Thursday, July 16, 2015

Why Work? : Welfare pays Better

When it's far better to stay on welfare, when it pays much more then working, so why look for work? It isn't rocket science why so many people are not looking for work. For the most part, people aren't stupid, especially when it comes to looking for any easy way out. The lotto mentality?

Little wonder then why the progressive socialist liberal democrats are as strong as they are in most elections, the voting base that supports more welfare is getting larger and larger. And if that's not enough, just think about all of the millions of legal and illegal immigrants that want their share of tax dollars as well.
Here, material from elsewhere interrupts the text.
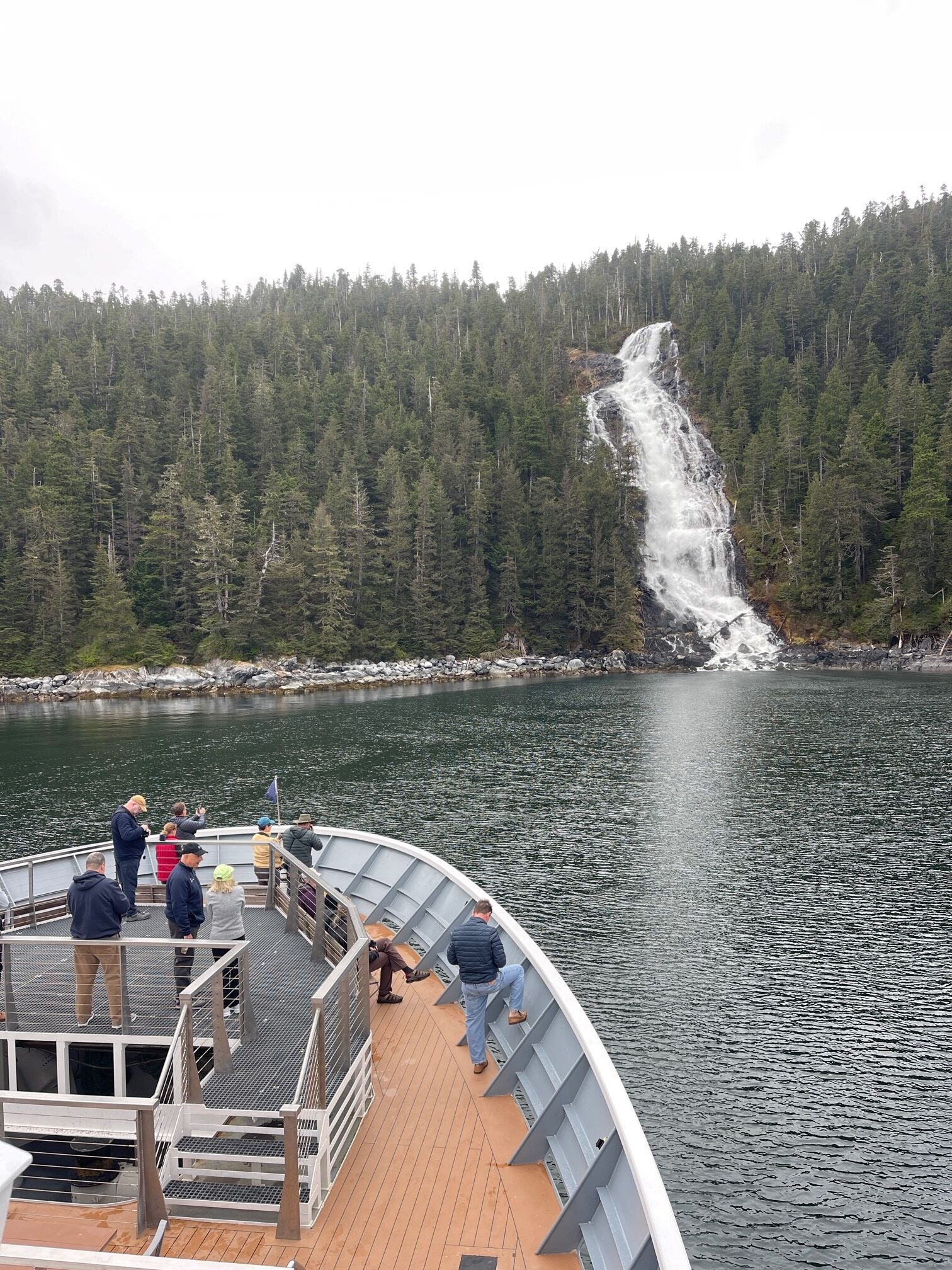 As the afternoon progressed, we ventured farther through Glacier Bay and were rewarded with an awe-inspiring encounter with lunge-feeding humpback whales. The weather may have been rainy, but the sight of these magnificent creatures more than made up for it. The humpback whales gracefully arched their massive bodies, propelling themselves through the water to capture shoals of fish before plunging back down into the depths.

A Decline in the Desire to Work
Source:  Regis Barnichon and Andrew Figura, "Declining Desire to Work and Downward Trends in Unemployment and Participation," National Bureau of Economic Research, May 2015

July 15, 2015

A recent study published by the National Bureau of Economic Research argues that a key aspect of the U.S. labor market is due to changes in the composition of the nonparticipation pool. The decline primarily reflected reductions for prime age females and young people. Researchers Regis Barnichon and Andrew Figura purport that it is not clear that demographics alone are responsible for these trends and seeked to supplement the often cited aging baby boom generation as the possible factor.
 In particular, the study found:
  • The share of nonparticipants who report wanting to work declined over the past 35 years, with a particularly strong decline in the second-half of the 90s.
  • A decline in desire to work lowers both participation and unemployment because a nonparticipant who wants to work has both a higher probability of entering the labor force and a higher probability of joining unemployment. 
Taken together with the aging population theory, this lower desire to work can account for the bulk of low-frequency movements in unemployment since the late 60s.
Findings suggest that the mid-90s "welfare to work" reforms such as the 1993 EITC expansion and the 1996 AFDC/TANF reform played an important role in lowering desire to work among nonparticipants. Using a cross-sectional estimate, the findings imply:
  • Changes in the provision of welfare and social insurance explain about 60 percent of the decline in desire to work among prime-age females.
  • Difference-in-difference estimates attribute between 50 and 70 percent of the decline in mothers desire to work to the welfare reforms. 
These findings show that a key aspect of the U.S. labor market is the presence of time-varying compositions across the nonparticipant pool. It documents a decline in the share of nonparticipants who report wanting to work, and that decline, which was particularly strong in the second half of the 90s, is a major aspect of the downward trends in unemployment and participation over the past 20 years.